SOURCE RECORDS>

◆ ◆ ◆

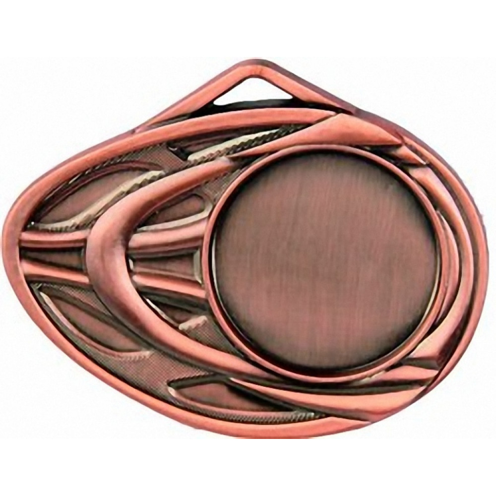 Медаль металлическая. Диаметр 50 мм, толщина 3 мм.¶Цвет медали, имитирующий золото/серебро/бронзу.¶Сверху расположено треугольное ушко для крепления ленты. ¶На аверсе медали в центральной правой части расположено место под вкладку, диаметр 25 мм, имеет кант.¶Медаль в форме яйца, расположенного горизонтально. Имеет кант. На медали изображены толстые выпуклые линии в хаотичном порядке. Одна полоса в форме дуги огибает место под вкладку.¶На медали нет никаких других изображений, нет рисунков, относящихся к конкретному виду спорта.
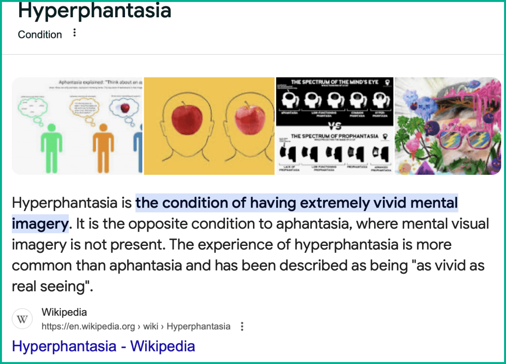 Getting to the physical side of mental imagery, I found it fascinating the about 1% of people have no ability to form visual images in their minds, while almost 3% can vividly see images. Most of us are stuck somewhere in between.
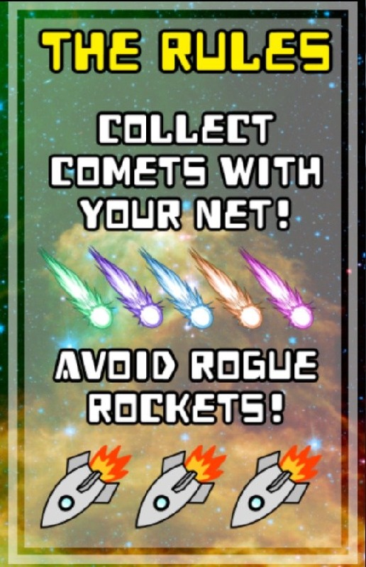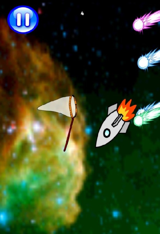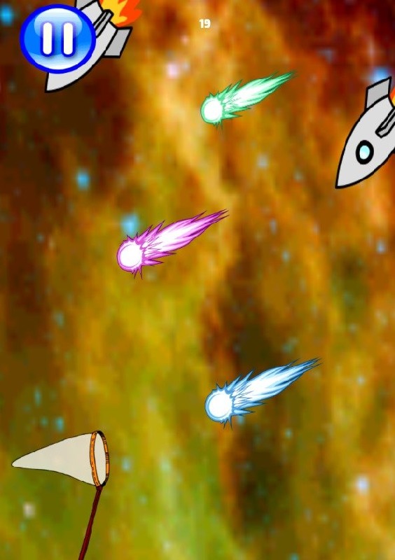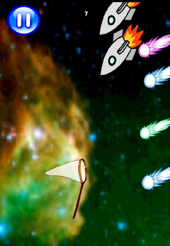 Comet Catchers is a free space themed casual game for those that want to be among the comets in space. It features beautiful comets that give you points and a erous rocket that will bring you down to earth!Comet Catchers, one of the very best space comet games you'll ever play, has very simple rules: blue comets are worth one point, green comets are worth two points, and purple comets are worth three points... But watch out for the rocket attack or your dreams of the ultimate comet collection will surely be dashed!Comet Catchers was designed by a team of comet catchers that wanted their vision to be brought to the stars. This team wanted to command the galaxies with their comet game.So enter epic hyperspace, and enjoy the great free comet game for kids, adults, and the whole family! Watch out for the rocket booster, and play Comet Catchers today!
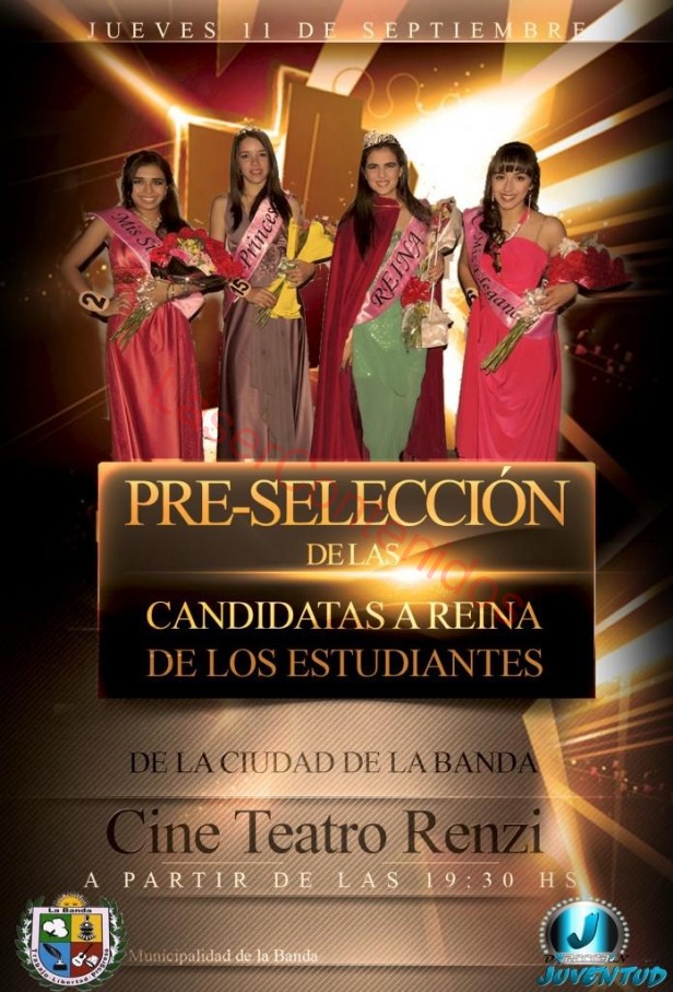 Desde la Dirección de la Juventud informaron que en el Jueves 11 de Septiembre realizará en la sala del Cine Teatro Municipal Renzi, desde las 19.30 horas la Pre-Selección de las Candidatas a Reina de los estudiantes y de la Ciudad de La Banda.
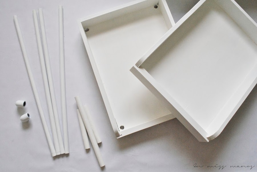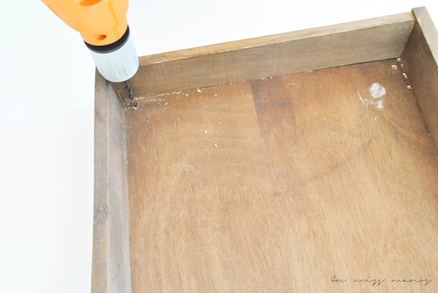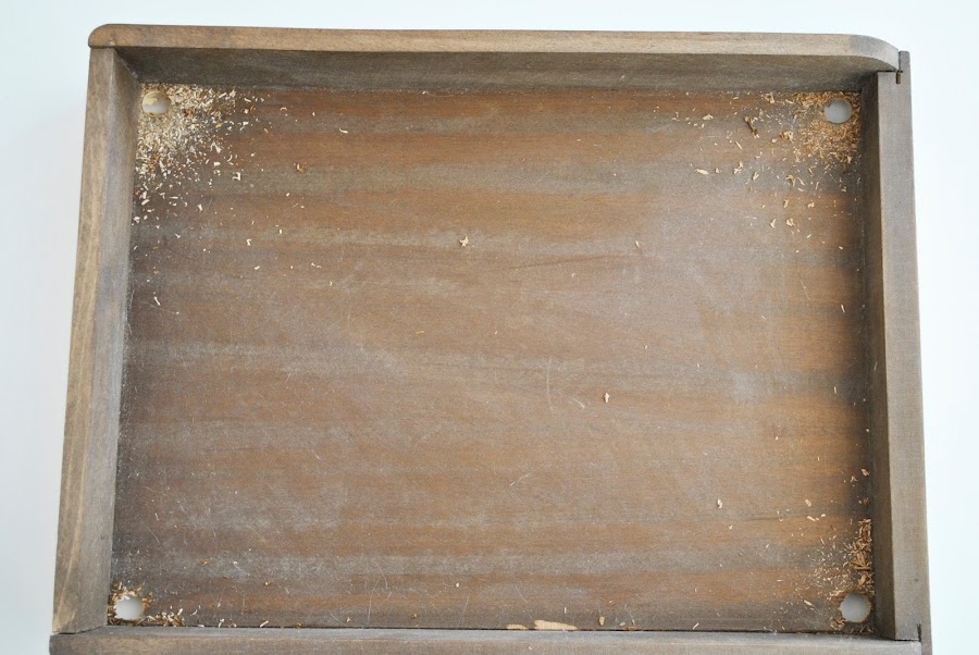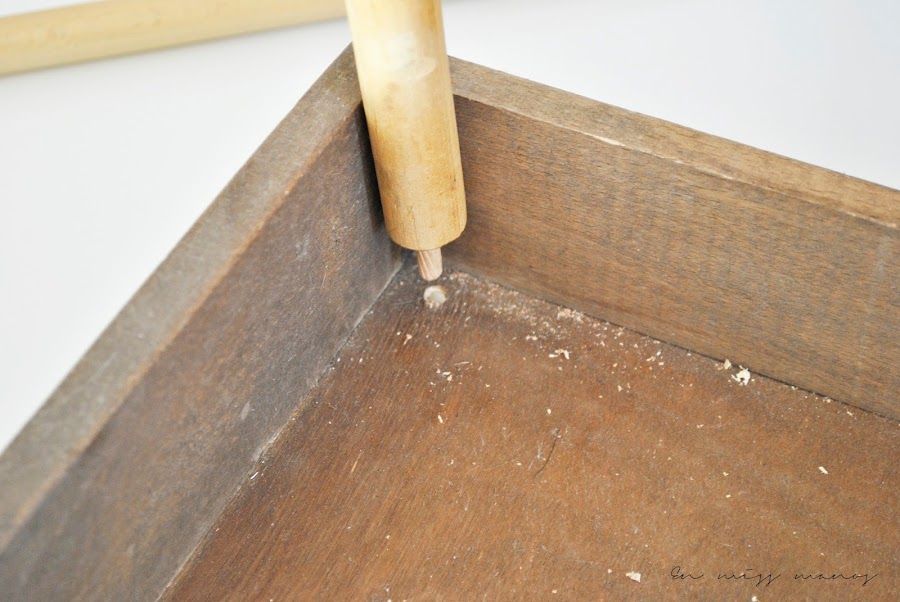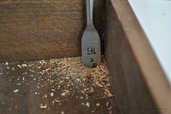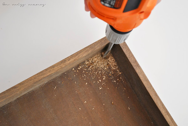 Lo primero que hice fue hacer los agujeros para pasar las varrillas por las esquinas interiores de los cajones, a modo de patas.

◆ ◆ ◆

An exact copy of the data is required, with the pictures excluded.

WRITTEN RESPONSE>
 Медаль металлическая. Диаметр 50 мм, толщина 3 мм.¶Цвет медали, имитирующий золото/серебро/бронзу.¶Сверху расположено треугольное ушко для крепления ленты. ¶На аверсе медали в центральной правой части расположено место под вкладку, диаметр 25 мм, имеет кант.¶Медаль в форме яйца, расположенного горизонтально. Имеет кант. На медали изображены толстые выпуклые линии в хаотичном порядке. Одна полоса в форме дуги огибает место под вкладку.¶На медали нет никаких других изображений, нет рисунков, относящихся к конкретному виду спорта.
 Getting to the physical side of mental imagery, I found it fascinating the about 1% of people have no ability to form visual images in their minds, while almost 3% can vividly see images. Most of us are stuck somewhere in between.
 Comet Catchers is a free space themed casual game for those that want to be among the comets in space. It features beautiful comets that give you points and a erous rocket that will bring you down to earth!Comet Catchers, one of the very best space comet games you'll ever play, has very simple rules: blue comets are worth one point, green comets are worth two points, and purple comets are worth three points... But watch out for the rocket attack or your dreams of the ultimate comet collection will surely be dashed!Comet Catchers was designed by a team of comet catchers that wanted their vision to be brought to the stars. This team wanted to command the galaxies with their comet game.So enter epic hyperspace, and enjoy the great free comet game for kids, adults, and the whole family! Watch out for the rocket booster, and play Comet Catchers today!
 Desde la Dirección de la Juventud informaron que en el Jueves 11 de Septiembre realizará en la sala del Cine Teatro Municipal Renzi, desde las 19.30 horas la Pre-Selección de las Candidatas a Reina de los estudiantes y de la Ciudad de La Banda.
 Lo primero que hice fue hacer los agujeros para pasar las varrillas por las esquinas interiores de los cajones, a modo de patas.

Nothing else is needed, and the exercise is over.